NEW YORK/LONDON, June 8 (Reuters) - The volatile copper market ended up for the first time in seven sessions on Tuesday but stayed close to eight-month lows as a firmer tone in the euro helped offset uncertain economic and demand prospects.
Copper for July delivery HGN0 on the New York Mercantile Exchange's COMEX division rose 1.35 cents to finish at $2.7795 per lb, after dealing in a range from $2.7880 to $2.73. The low came within 1 cent of Monday's session trough of $2.72, a low dating back to early October 2009.
On the London Metal Exchange, benchmark copper for three-months delivery CMCU3 ended at $6,165 a tonne. It closed at $6,100 on Monday after touching an eight-month low of $6,037.50.
Copper prices have lost about 13 percent in the previous six sessions, slammed by concern over debt contagion in Europe, Chinese monetary tightening and poor U.S. data, including Friday's disappointing jobs numbers.

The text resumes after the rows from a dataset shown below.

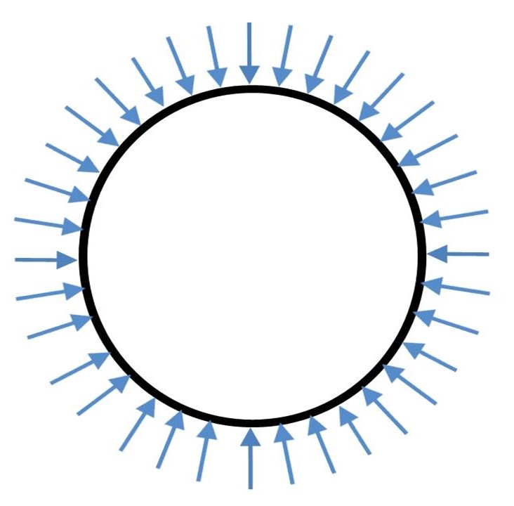 The pressure that is being exerted on the rim is the same completely around the rim. There is no pressure differential from left to right or from top to bottom. In other words, there is no sideways force being generated on the rim and there is no vertical force being generated on the rim (up and down). No net force at all – just a pressure towards the center.
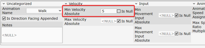 <figure><img src="https://951240982-files.gitbook.io/~/files/v0/b/gitbook-x-prod.appspot.com/o/spaces%2F-M_fye9Ufg3vzJxwX5Hk%2Fuploads%2F0qMABm8CscRQBG4ZQSQh%2Fimage.png?alt=media&#x26;token=787e390f-70f8-4730-87fa-38f64da07dfd" alt=""><figcaption><p>Min Velocity Absolute set to 5, which means this animation only plays if moving faster than 5 pixels per second</p></figcaption></figure>
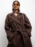 Stay warm and stylish with our women's melton double flap trench coat in chocolate brown. Made of high-quality polyester and melton, this coat is both cozy and durable. Features double-breasted buttons and a classic trench design. Perfect for any outfit!
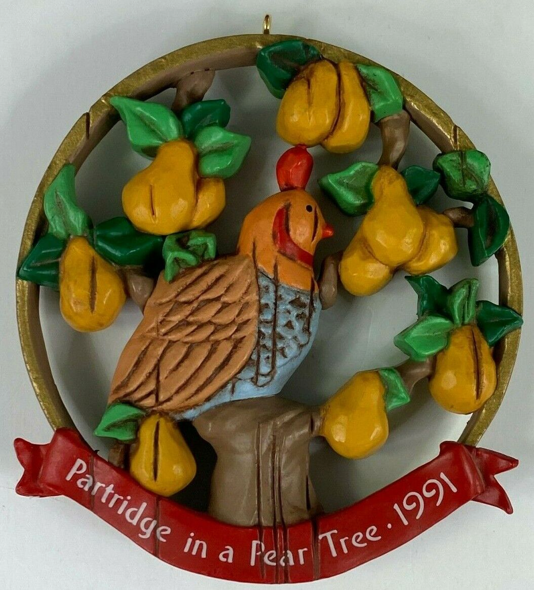 HALLMARK KEEPSAKE ORNAMENT PARTRIDGE IN A PEAR TREE HANDCRAFTED VINTAGE 1991 CELEBRATE THE HOLIDAYS WITH A VERY FUN HALLMARK VINTAGE ORNAMENT THIS FEATURES A HANDCRAFTED HIGHLY DETAILED HAND PAINTED PARTRIDGE IN A PEAR TREE ORNAMENT OVER 30 YEARS OLD AND THE ORNAMENT LOOKS NEW VERY SOLID, HEAVY RESIN ORNAMENT APPROXIMATELY 3.25" IN LENGTH THIS IS VINTAGE AND RETIRED 🎇 THE BOX IS IN GOOD SHAPE, MINOR SHELF WEAR SMALL 1" CREASE ON THE LID, SOME WEAR ON THE TOP RIGHT CORNER A CREASE ON THE TOP RIGHT FRONT CORNER ABOUT AN INCH LONG PLEASE SEE PICS THE ORNAMENT IS PERFECT✨ WOULD MAKE A GREAT GIFT OR TO ADD TO YOUR COLLECTION Will ship to you with great care. Will ship to the United States and Protectorates via USPS International shipments will ship via Ebay's Global Shipping Program (GSP) International packages will ship within one business day to eBay's GSP. eBay's GSP will then ship the package internationally. Handling and Shipping times may vary with GSP. Brought to you by The VinKris Collection
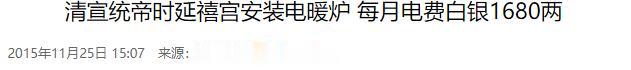 法制晚报:清宣统帝时延禧宫安装电暖炉 每月电费白银1680两 2015-11-25
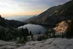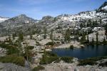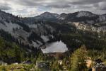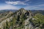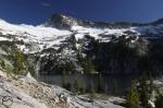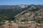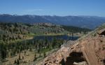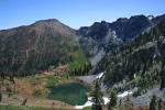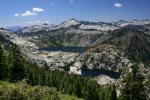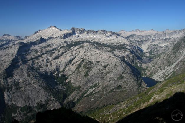 Looking down on Emerald and Sapphire Lakes and the craggy heart of the Trinity Alps.

The six down days were the longest losing streak since a similar showing in December 2009 and a seven-day rout starting in early November 2008 in the aftermath of the Lehman collapse.

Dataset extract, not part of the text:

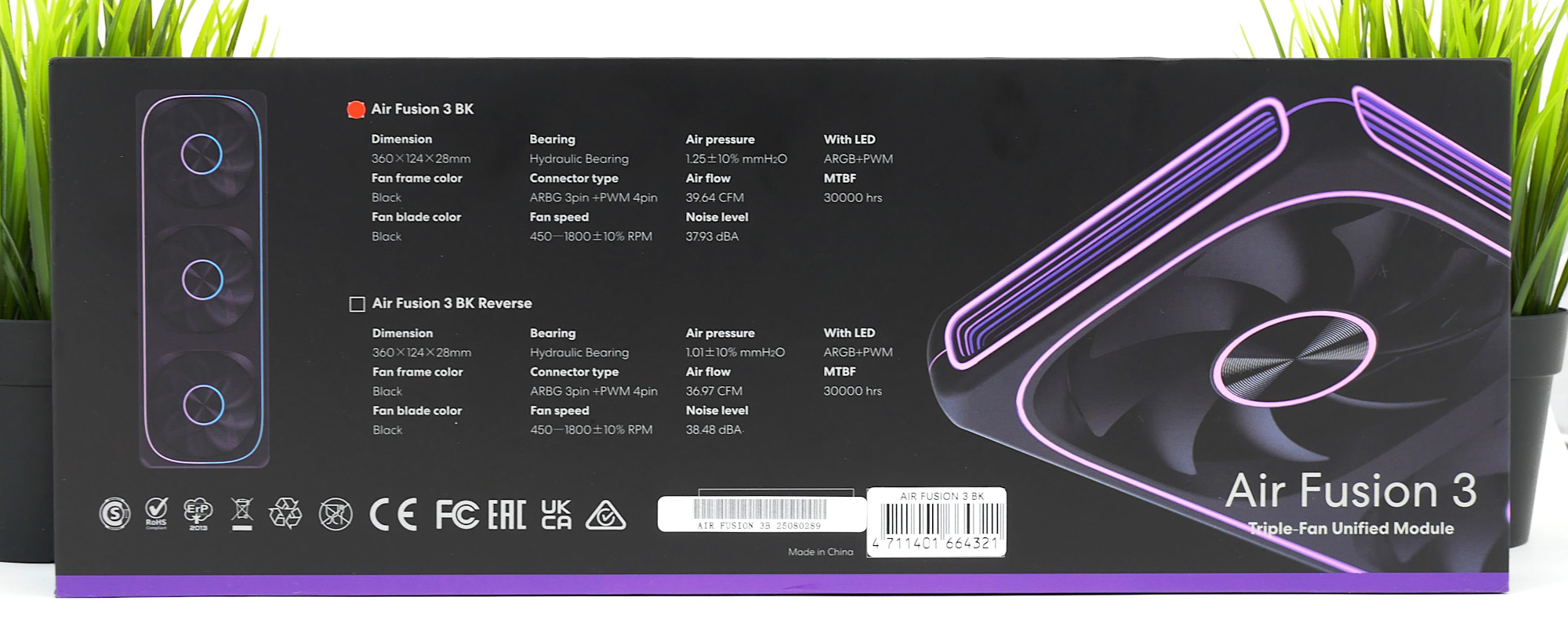 Неожиданно для себя обнаружил, что Formula V Line Air Fusion 3 поставляется в премиальной и дорогой коробке из плотного картона в виде ларца с магнитным креплением, что для недорогого продукта практически редкость и роскошь! Полиграфия на высоком уровне, как и детальное описание характеристик вентиляторов. Производитель подчеркивает необычный дизайн подсветки.
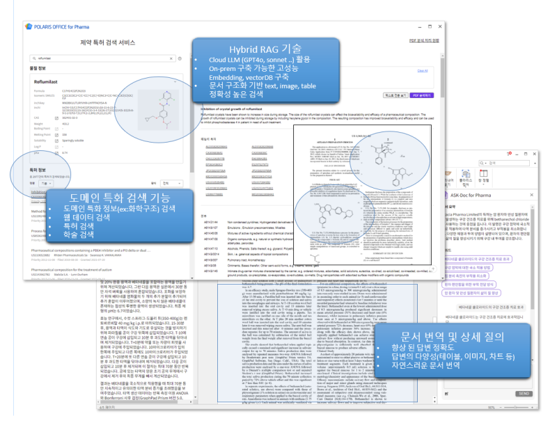 이번 개발은 지난해 11월 출시한 ‘폴라리스 오피스AI Business’에 검색증강생성(Relevant Answer Generation, RAG) 기술을 활용한 도메인에 특화된 AI 모델로, 제약 업계의 정보 접근과 분석을 한층 개선해 출시할 예정이다.

"Sentiment has turned quite bearish -- particularly with regard to Europe," said Daniel Smith, an analyst at Standard Chartered on sovereign debt.
That slide in sentiment was reinforced when Fitch Ratings said the UK was facing a "formidable" fiscal challenge and said Britain's public debt ratio had climbed more quickly than those of other top-rated sovereign credits.

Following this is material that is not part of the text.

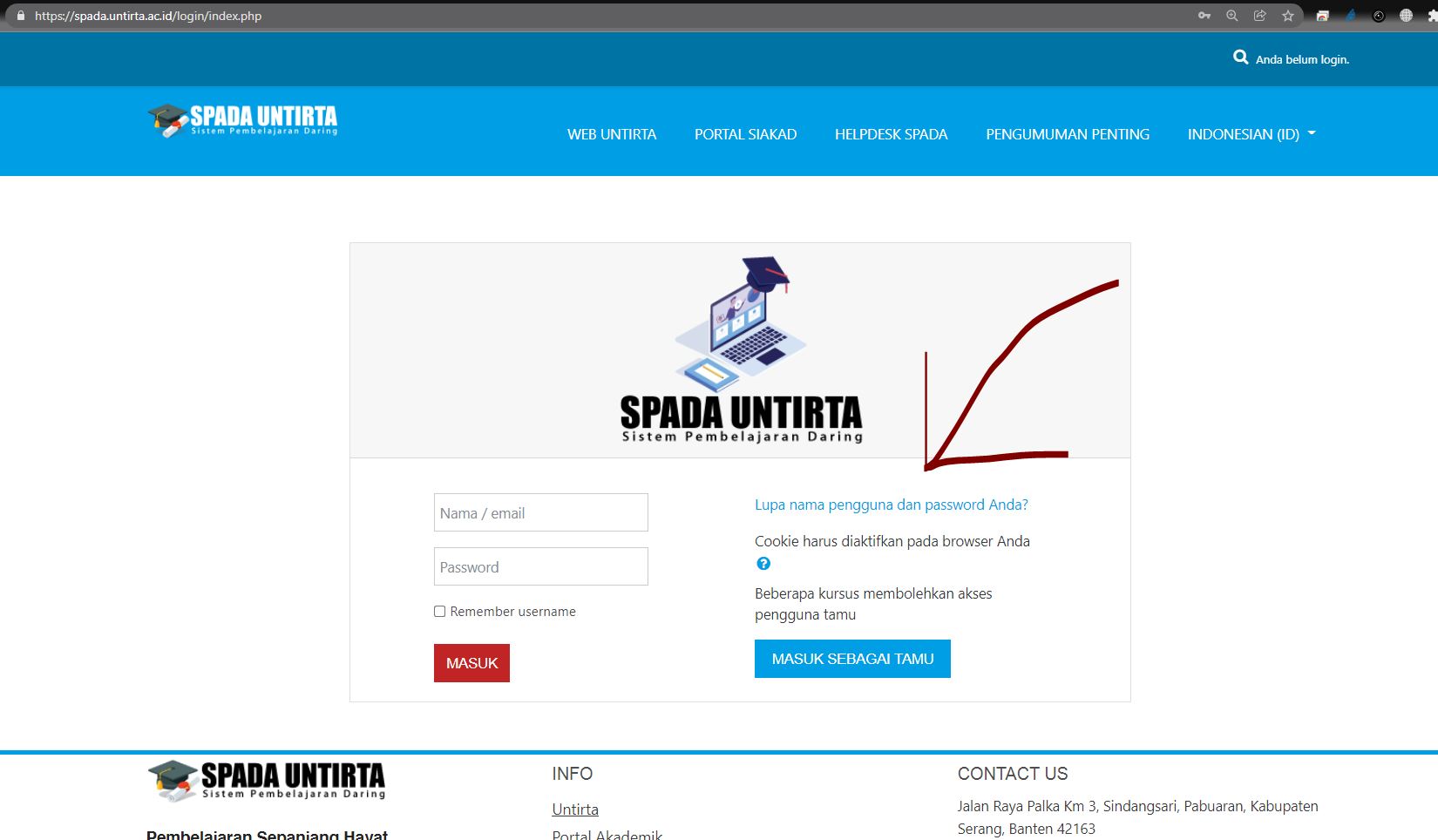 Pertama, buka halaman login di situs Spada Untirta. Di sana, kamu akan menemukan kotak untuk username dan password.

"The UK warning is just another dagger into the industrial demand picture," said Frank McGhee, head precious metals trader with Integrated Brokerage Services LLC in Chicago.
Another concern for the market has been China, the world's top metals consumer, where a number of policy tightening measures have begun to seep into data, most recently last week's manufacturing data.
All eyes will be on May import data Thursday, which is expected to show arrivals of unwrought copper and semi-finished copper products fell slightly from April.
In other markets, the euro added to gains on Tuesday to riseabove $1.20 as investors continued to take profits a day after the currency hit its lowest level against the dollar since early 2006. [USD/]
A stronger euro makes metals cheaper for European investors.
Base metals demand has remained steady despite a recent dive in prices, the chief executive of Teck Resources (TCKb.TO), Canada's biggest base-metals miner, said on Tuesday.
"We don't think there's been any change in fundamental demand," Teck CEO Don Lindsay told the RBC Global Mining and Materials Conference in Toronto.
He said the economic fundamentals that have underscored the metal market's sharp rebound from the late 2008 crash are still in place, anchored by China's push for urbanization which has fueled demand for the copper, zinc, and metallurgical coal that Teck produces. "We wouldn't bet against China," he said.
LME copper stocks, which are seen as indicating demand trends, fell 900 tonnes to total 469,850 tonnes, the smallest supply since mid-December last year and down some 15 percent since a mid-February peak.
Among other industrial metals, aluminum CMAL3 ended at $1,920 a tonne from $1,867, with stocks of the metal used in transport and packaging falling 7,875 tonnes to 4.52 million tonnes.
Zinc CMZN3 closed up $106 at $1,734 a tonne, lead CMPB3 ended up $56 at $1,610, tin CMSN3 ended at $15,930 from $15,500 and nickel CMNI3 at $18,470 from $18,200.
In early trading, zinc and lead rose over 5 percent to peak at $1,735.75 and $1,635.75 respectively as analysts pointed to buying triggered by chart points rather than fundamentals.